_Task directions_
Can you print the data exactly and leave out each image?

_Stored data_
■ ■ ■ ■ ■

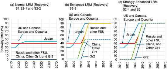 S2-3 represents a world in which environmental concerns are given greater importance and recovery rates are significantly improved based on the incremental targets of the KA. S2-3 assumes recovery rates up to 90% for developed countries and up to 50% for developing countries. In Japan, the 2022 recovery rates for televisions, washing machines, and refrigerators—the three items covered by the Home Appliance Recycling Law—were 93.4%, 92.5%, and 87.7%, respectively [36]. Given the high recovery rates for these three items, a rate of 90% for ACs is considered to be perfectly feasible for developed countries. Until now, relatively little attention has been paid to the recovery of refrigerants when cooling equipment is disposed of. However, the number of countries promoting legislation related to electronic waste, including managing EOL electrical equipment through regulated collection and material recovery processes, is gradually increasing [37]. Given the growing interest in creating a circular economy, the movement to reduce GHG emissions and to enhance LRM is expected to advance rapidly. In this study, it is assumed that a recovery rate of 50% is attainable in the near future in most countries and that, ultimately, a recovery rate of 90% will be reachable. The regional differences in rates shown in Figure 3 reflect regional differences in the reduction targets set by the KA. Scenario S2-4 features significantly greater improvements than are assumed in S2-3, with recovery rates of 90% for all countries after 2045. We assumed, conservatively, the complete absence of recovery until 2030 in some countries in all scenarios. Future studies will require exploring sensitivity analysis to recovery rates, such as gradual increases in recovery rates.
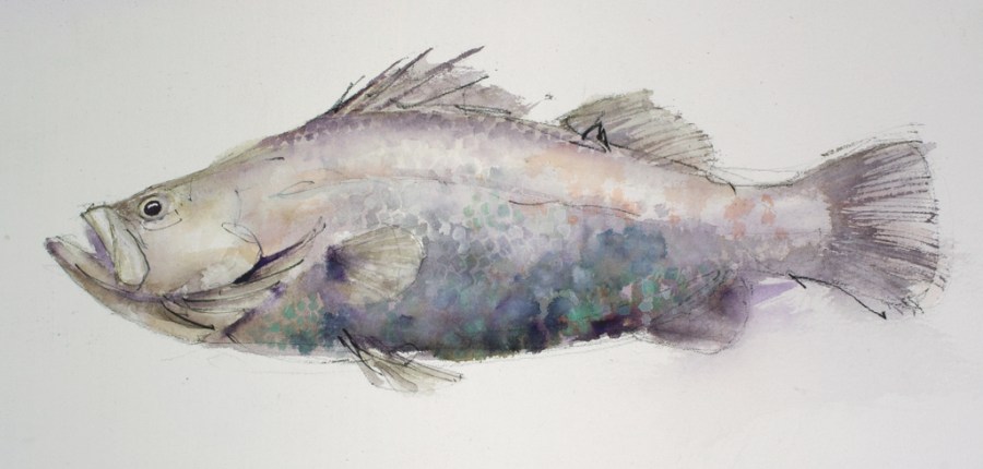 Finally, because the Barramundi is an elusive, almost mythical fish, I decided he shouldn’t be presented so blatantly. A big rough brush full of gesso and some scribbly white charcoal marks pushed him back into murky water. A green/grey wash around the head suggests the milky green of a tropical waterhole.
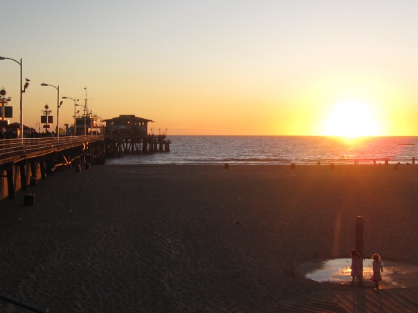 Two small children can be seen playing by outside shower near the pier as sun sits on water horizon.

■ ■ ■ ■ ■

_Task answer_
 S2-3 represents a world in which environmental concerns are given greater importance and recovery rates are significantly improved based on the incremental targets of the KA. S2-3 assumes recovery rates up to 90% for developed countries and up to 50% for developing countries. In Japan, the 2022 recovery rates for televisions, washing machines, and refrigerators—the three items covered by the Home Appliance Recycling Law—were 93.4%, 92.5%, and 87.7%, respectively [36]. Given the high recovery rates for these three items, a rate of 90% for ACs is considered to be perfectly feasible for developed countries. Until now, relatively little attention has been paid to the recovery of refrigerants when cooling equipment is disposed of. However, the number of countries promoting legislation related to electronic waste, including managing EOL electrical equipment through regulated collection and material recovery processes, is gradually increasing [37]. Given the growing interest in creating a circular economy, the movement to reduce GHG emissions and to enhance LRM is expected to advance rapidly. In this study, it is assumed that a recovery rate of 50% is attainable in the near future in most countries and that, ultimately, a recovery rate of 90% will be reachable. The regional differences in rates shown in Figure 3 reflect regional differences in the reduction targets set by the KA. Scenario S2-4 features significantly greater improvements than are assumed in S2-3, with recovery rates of 90% for all countries after 2045. We assumed, conservatively, the complete absence of recovery until 2030 in some countries in all scenarios. Future studies will require exploring sensitivity analysis to recovery rates, such as gradual increases in recovery rates.
 Finally, because the Barramundi is an elusive, almost mythical fish, I decided he shouldn’t be presented so blatantly. A big rough brush full of gesso and some scribbly white charcoal marks pushed him back into murky water. A green/grey wash around the head suggests the milky green of a tropical waterhole.
 Two small children can be seen playing by outside shower near the pier as sun sits on water horizon.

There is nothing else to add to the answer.